Verizon Wireless Readies Price Cuts, Plans to Close Call Centers Amid Rising Competition
After largely eschewing the wave of price cuts that have swept through the cellphone service business, Verizon Wireless appears poised to announce a new set of cheaper rate plans on Thursday.
According to a data sheet on the new plans leaked to Android Police, Verizon will be increasing the amount of data for Share Everything customers and cutting monthly costs by $10 to $20 for those who finance their device using a Verizon Edge program rather than opting for a subsidized phone.
The company is teasing tomorrow’s moves, but declined to comment on the specifics.
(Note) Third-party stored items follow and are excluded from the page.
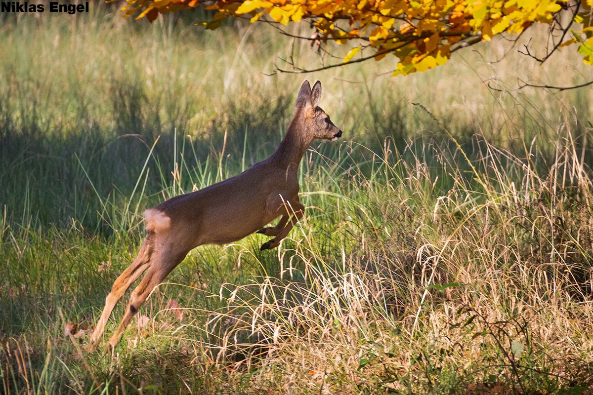 Früh morgens lassen sich auch kleine Hirsche aus dem angrenzenden Waldgebiet im Naturschutzgebiet blicken:
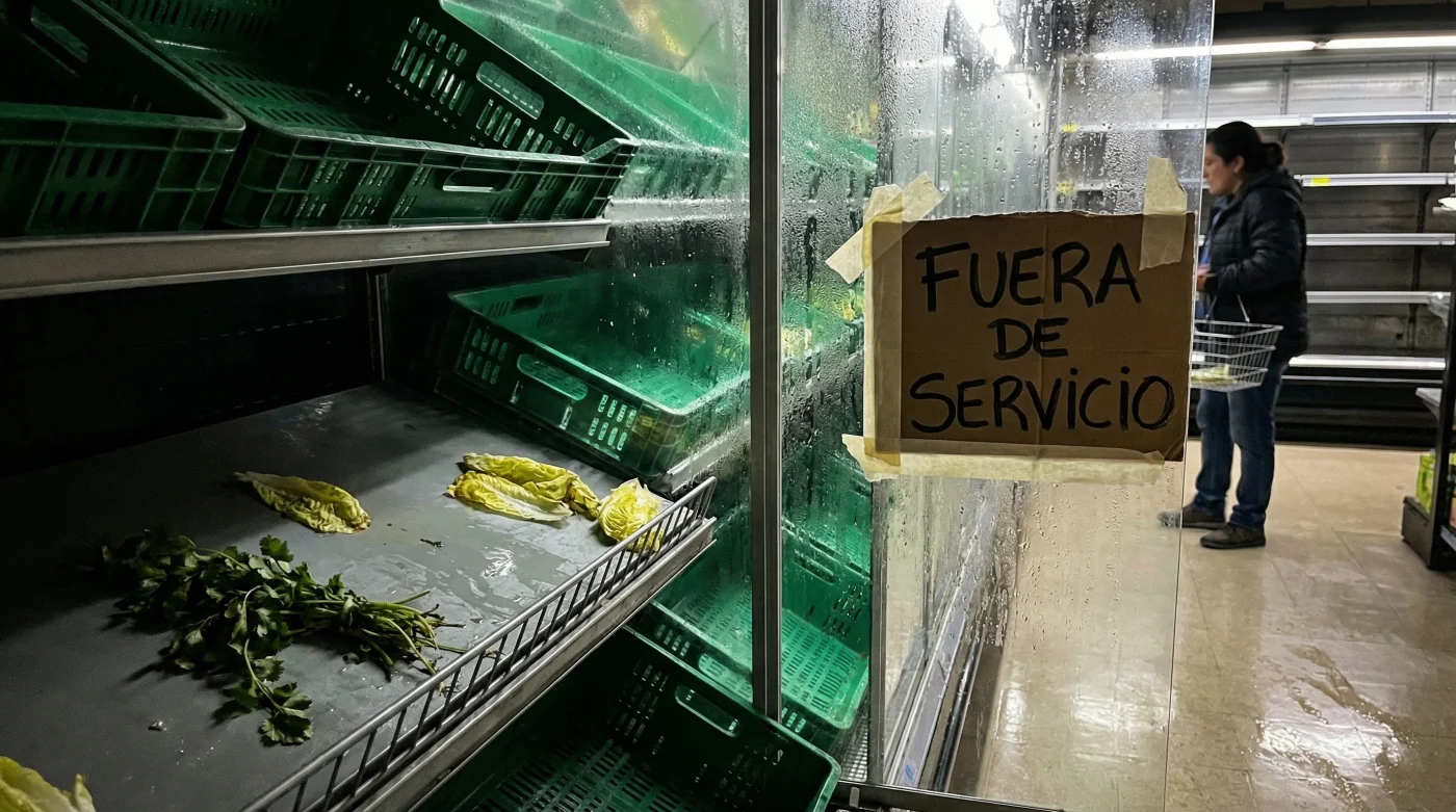 Sin embargo, hoy te recibe una hilera de cajas vacías, plástico negro brillante y un discreto letrero de disculpa impreso en papel bond. La neblina artificial está apagada, dejando al descubierto el fondo estéril de los estantes donde habitualmente reposan las espinacas tiernas, las acelgas robustas y las lechugas romanas que tenías planeado llevar con el descuento promocional. El vacío se siente casi antinatural en medio del brillo incesante del supermercado.
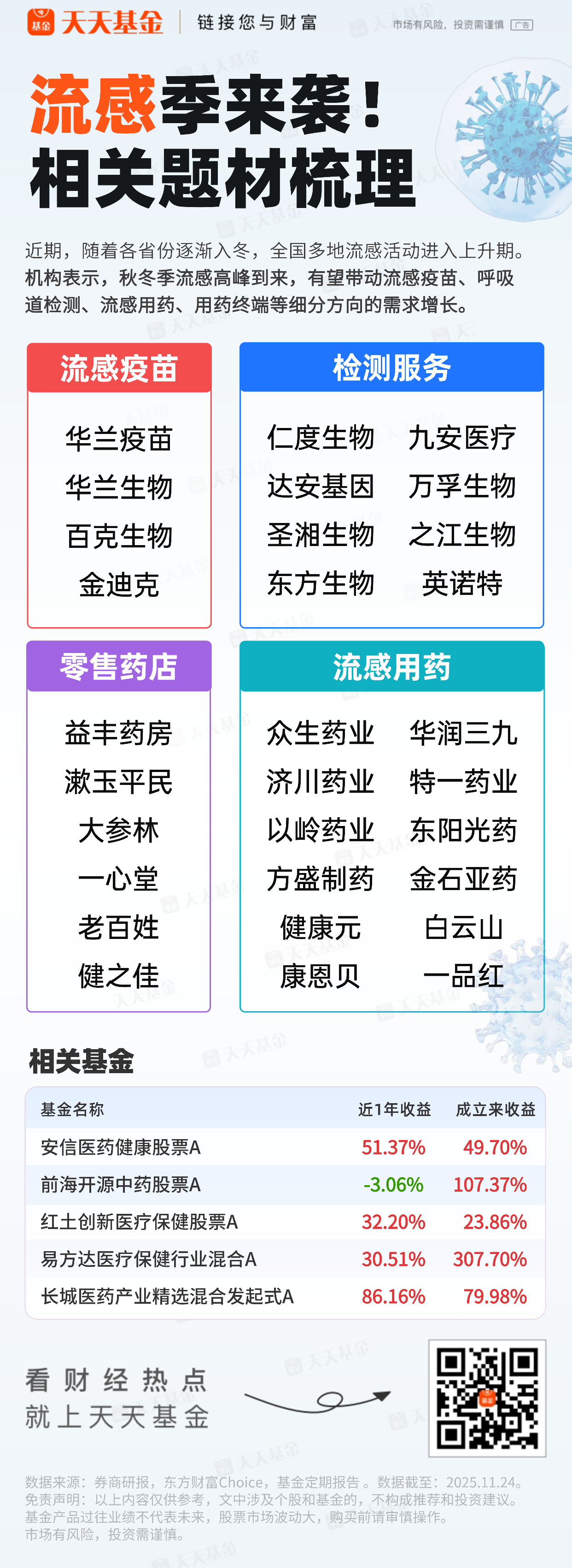 德邦证券认为,本轮流感上升趋势快,有望催生就医和治疗需求。目前我国主要用于治疗流感的抗病毒药物包括奥司他韦、玛巴洛沙韦等,另外感冒类和退热类药物也有使用,流感疫情直接带动其需求。另外,中成药是流感和普通感冒治疗中的常用药,尤其是在儿童治疗上,关注有相关产品的企业。此外,检测是流感诊疗的第一步,院内门急诊检测需求有望大量提升,居家监测需求有望提升。中邮证券也表示,流感样病例占比快速爬坡,相关检测治疗产品有望放量。
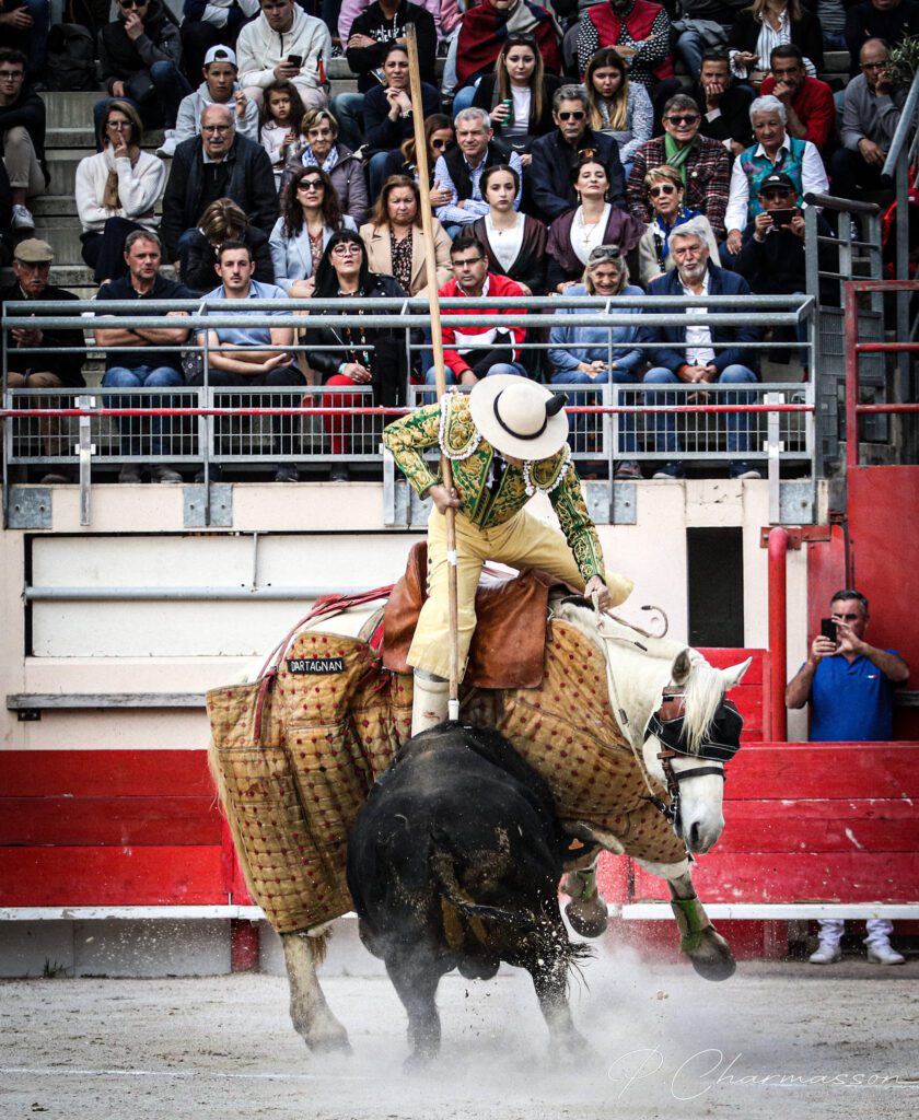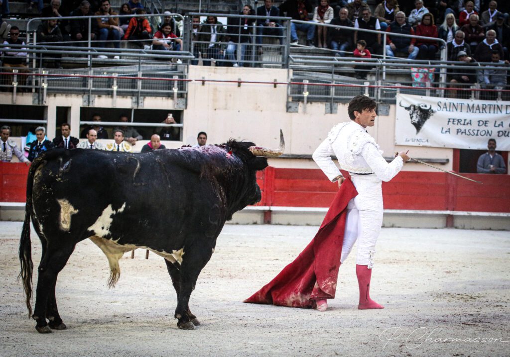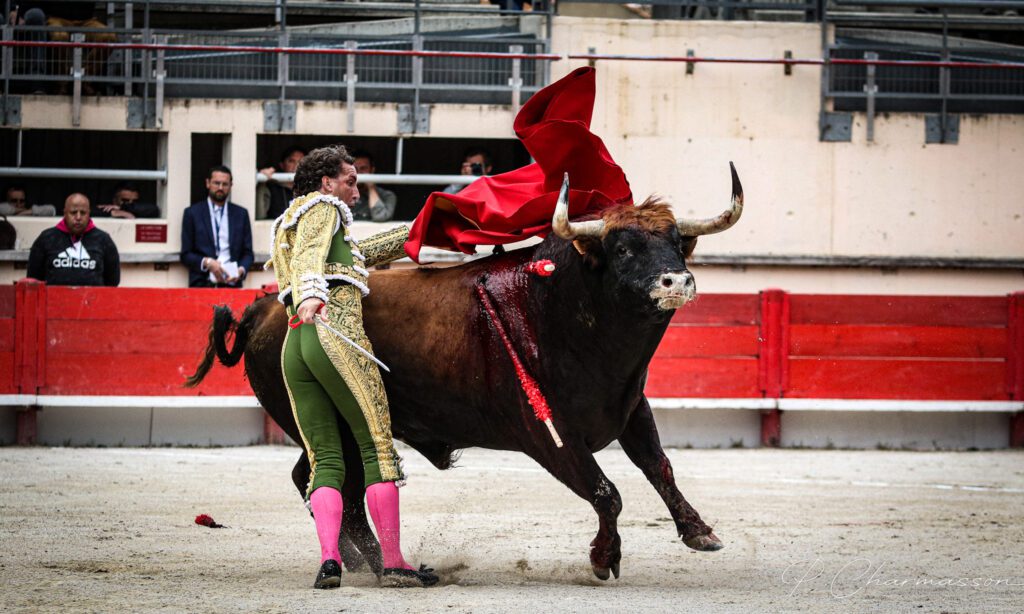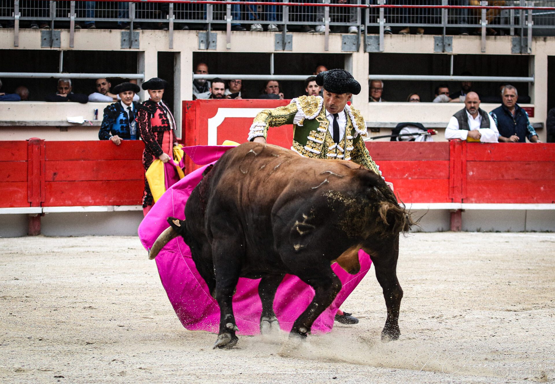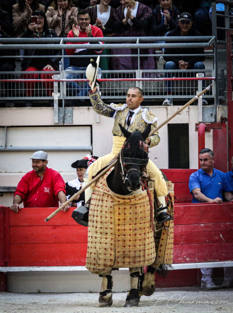 Tibo Garcia vit d’abord déboulé des chiqueros “Piémanson”, une montagne du muscle du fer de Christophe Yonnet salué par deux bonnes véroniques avant un tiers de piques… épique. Quatre doses. Ou dosettes puisque, si l’astado rentra fort dans le matelas, ce dernier s’y employa peu et fut donc bien capté mais très peu piqué. Un toro au haut port de tête qui arriva arrêté dans la muleta du nîmois qui tenta de se justifier, en vain. Echec à l’épée avant grand coup de descabello.
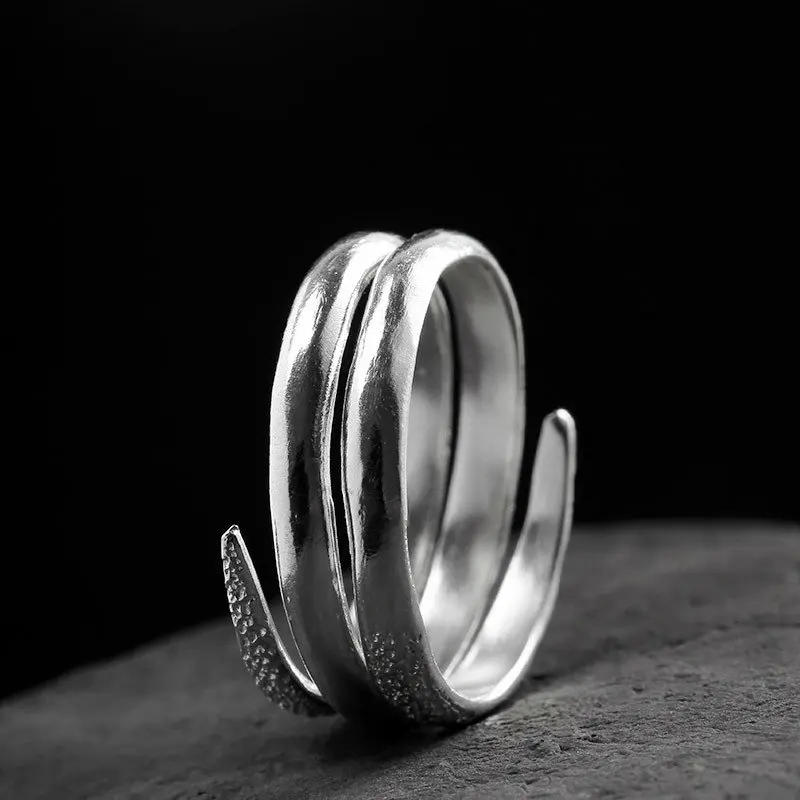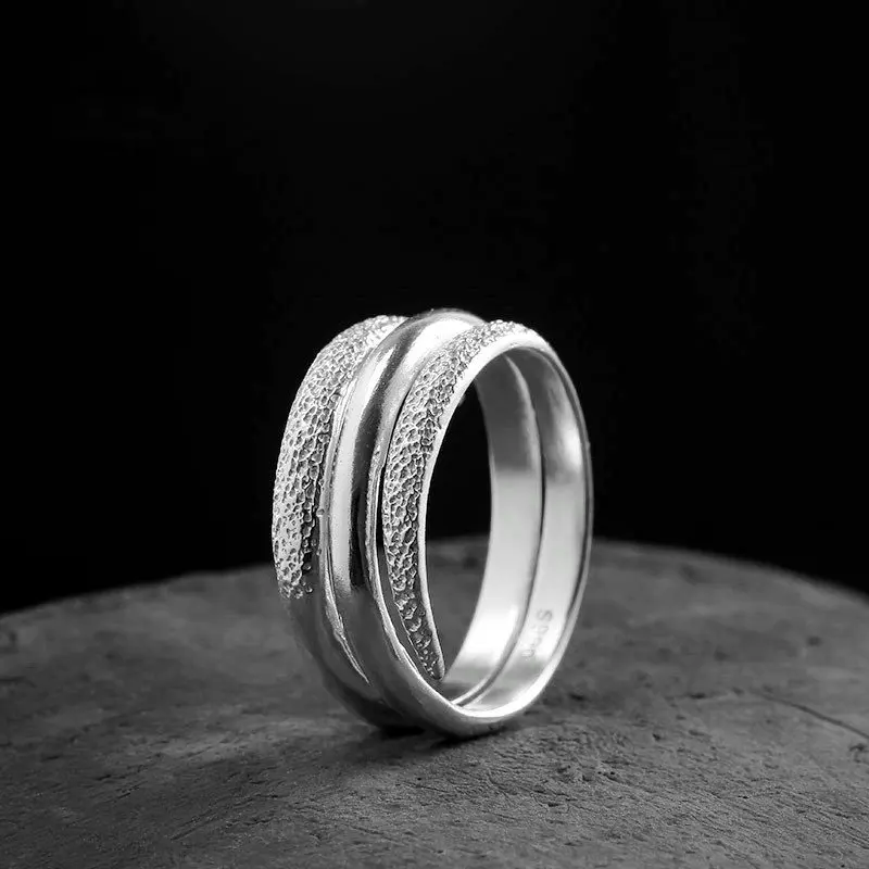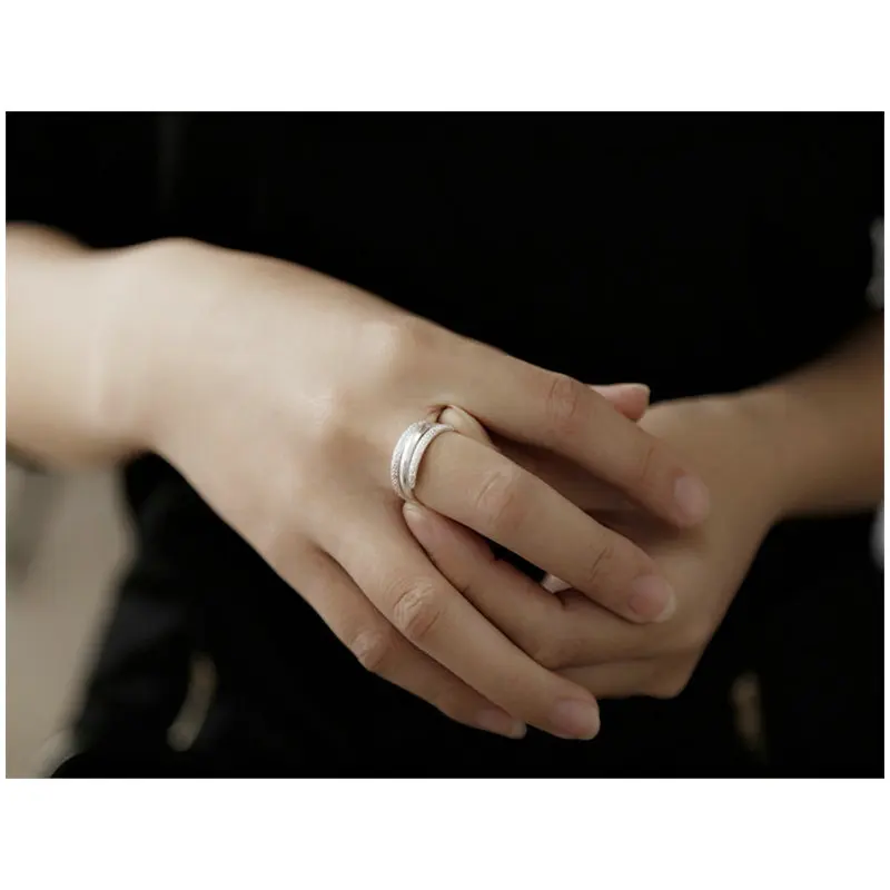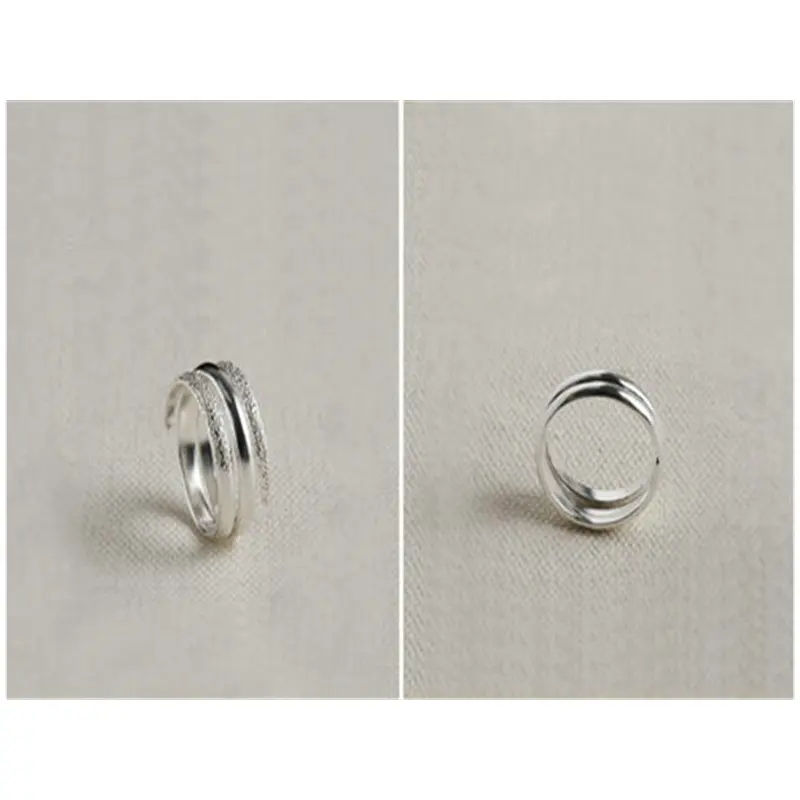 originally design 100% sterling Silver nail sand craft three layer personality couple rings Silver fine jewelry accessory
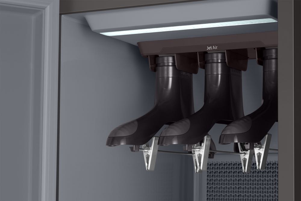 而「UV 紫外線殺菌」、「光觸媒除臭濾網」及「Jet Steam高溫蒸氣技術」,除了能深入衣料纖維消除異味粒子,更獲得 Intertek 與英國抗敏協會(BAF)認證,能消滅 99.9% 的細菌、病毒及過敏原,大幅提升全家人的健康品質照護。此外,為滿足多元的生活型態,AirDresser 電子衣櫥更能一機多用,消費者能為約 10 坪的室內空間進行除濕,輕鬆維持舒適清爽的居家空氣與濕度。
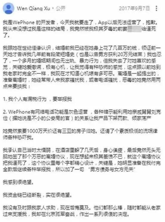 2017 年 9 月 7 日,WePhone 创始人苏享茂跳楼自杀。(图 / 微博截图 @苏享茂的姐姐)
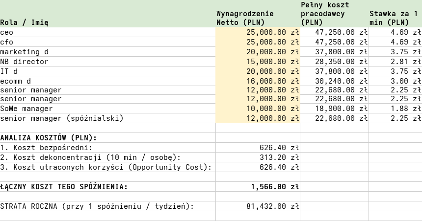 - Czy wiecie, że firmy, które nie liczą tego kosztu, nieświadomie budują kulturę, w której 10 minut spóźnienia jest normą, co de facto skraca tydzień pracy o około 2-3 godziny na pracownika.
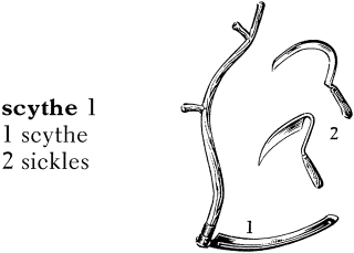 1 (長柄の)大鎌《中世には主に武器, 一般には草刈り用などの農具; 死神の持ち物とされる》.
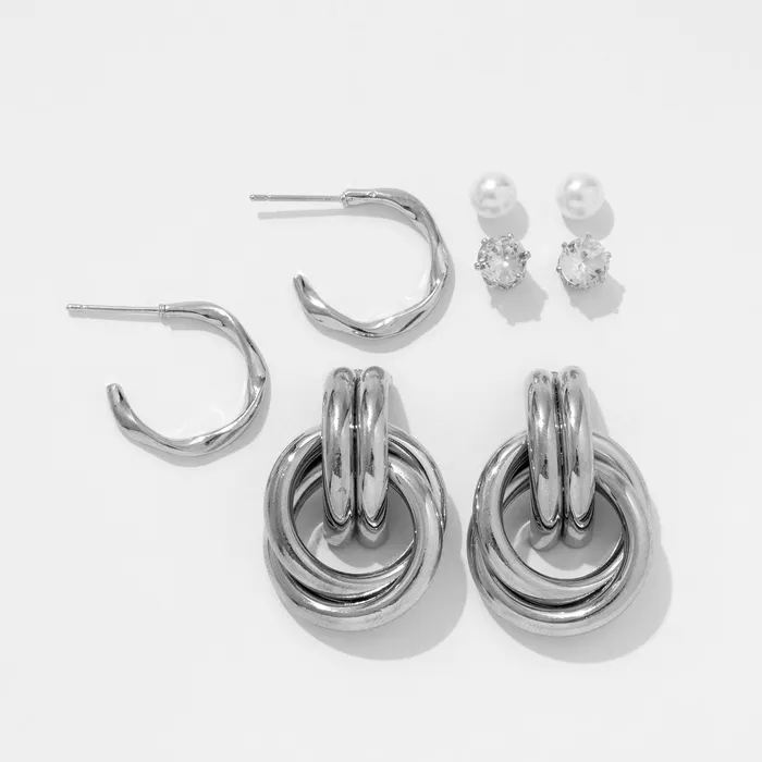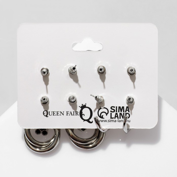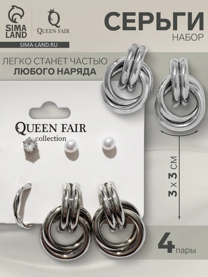 Набор серег QF «Летние истории», 4 пары, кольца и плетение, цвет белый в серебре — Характеристики

Verizon is also closing five customer call centers, including locations in Cranberry Woods, Pa., and Meriden, Conn. The company will also close part of its call center operations in Irvine, Calif.; Warrendale, Pa.; and Folsom, Calif. In all, the move will affect about 3,000 workers, who will have the option of relocating or taking a severance package. An additional 2,200 workers will be reassigned to similar positions within driving distance of their current office, Verizon said. The closings are set to take place in May, a Verizon spokesman told Re/code.
The moves come amid growing price pressure in the industry, an effort largely kicked off last year when No. 4 U.S. carrier T-Mobile moved to do away with phone subsidies and simultaneously cut service plan prices. T-Mobile also introduced an early upgrade program.
AT&T and Verizon responded with various early upgrade programs but have been reluctant to cut prices. AT&T, though, announced earlier this month that it was cutting prices on some family plans. Analysts had been speculating that Verizon would not be able to hold out much longer without some sort of price move.